Three things by me have come out recently. The first is my Current Anthropology piece, After the Denominozoic: Evolution, Differentiation, Denominationalism; I’m particularly proud of the argument there. The second is an article in Ethnos called Diagramming the Will: Ethics and Prayer, Text, and Politicswhich is about subjectification, ontology (or rather, the effect of ontologies), and how the interaction between those two things can lead to new forms of micro-politics, and perhaps larger shifts in the political imagination.  Though material on Ethnos is occasionally open-access, this is not, but then there is always Academcia.edu. Finally, I have an expanded book review where I discuss two monographs that touch on Deleuze and Theology; in the end I take one of the authors, Daniel Colucciello Barber, and use part of his book’s argument to engage with a bit of the ontological turn, but more importantly to my mind Joel Robbin’s concept of an anthropology of the good. I think that I may have found a way to work through some of the objections that are commonly made to this project, though I guess this is for those who hold those objections to decide.
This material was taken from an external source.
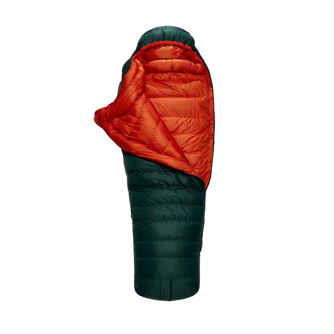 The generous mummy fit with wide foot box provide a spacious feel for an easy night’s sleep, and the close-fitting neck baffle keeps the heat in when the temperature drops. It has a ¾ length main zip with a down filled baffle to keep out the draught.

Anthropology and Theology, Difference and the Monological

The other thing that I’ve done relatively recently which I’m particularly proud of is my review of Barber’s On Diaspora, written for AnthroCyBib, the website that I co-curate with James Bielo, Naomi Haynes, and Tom Boylston.

(A tangent: That website is also the origin of my ‘signature’ on this blog – on AnthroCyBib, all postings are also signed as  by “AnthroCyBib,” though, regardless of whether it was put up by Jams, Naomi, Tom, or myself. Long, uninteresting story behind that).

I like this piece not simply because the author of the book seemed to see at least some value in it, but also because, while Barber’s book is not theology (or at least not easily classified as theology), it throws light on important aspect of the relationship between theology and anthropology. Barber’s book points to a virtuality in Christianity that runs towards multiplicity and  immanence. Needless to say, this is not a universal theological vision. This is an important point because there seems to be a big push as of late to take up Joel Robbins challenge regarding the relationships between theology and anthropology. There are several pieces in the pipeline suggesting that anthropology would do well to take up theology as offering useful insights.

The problem with this is that theology tends to be monological, and while it would be going too far to say that anthropology is solely about human difference, that certainly is one of the poles that gives shape to the field. If we take up theology as having insights for different aspects of human behavior, then that pole collapses we end up trying to explain a variable with a universal, which is analytically misguided. (More about this if/when those pieces come out – beating up unpublished works seems at once bad cricket and too much inside baseball).

Now, this isn’t a problem with all theology – in my (limited) free time I’ve been working through Amos Yong’s In the Days of Caesar. What strikes me about the book so far is not just his use of anthropological material on Pentecostalism to craft theology – which is interesting enough – but also the fact that it is a theology that prizes variation and difference, not just in human formations but in divine action as well. While I am no proponent of privileging theological framings over social science ones, it strikes me that this is the kind of theological thought that could really be engaged with in a productive manner; and this is a thought I could probably not have formulated clearly without the Barber book.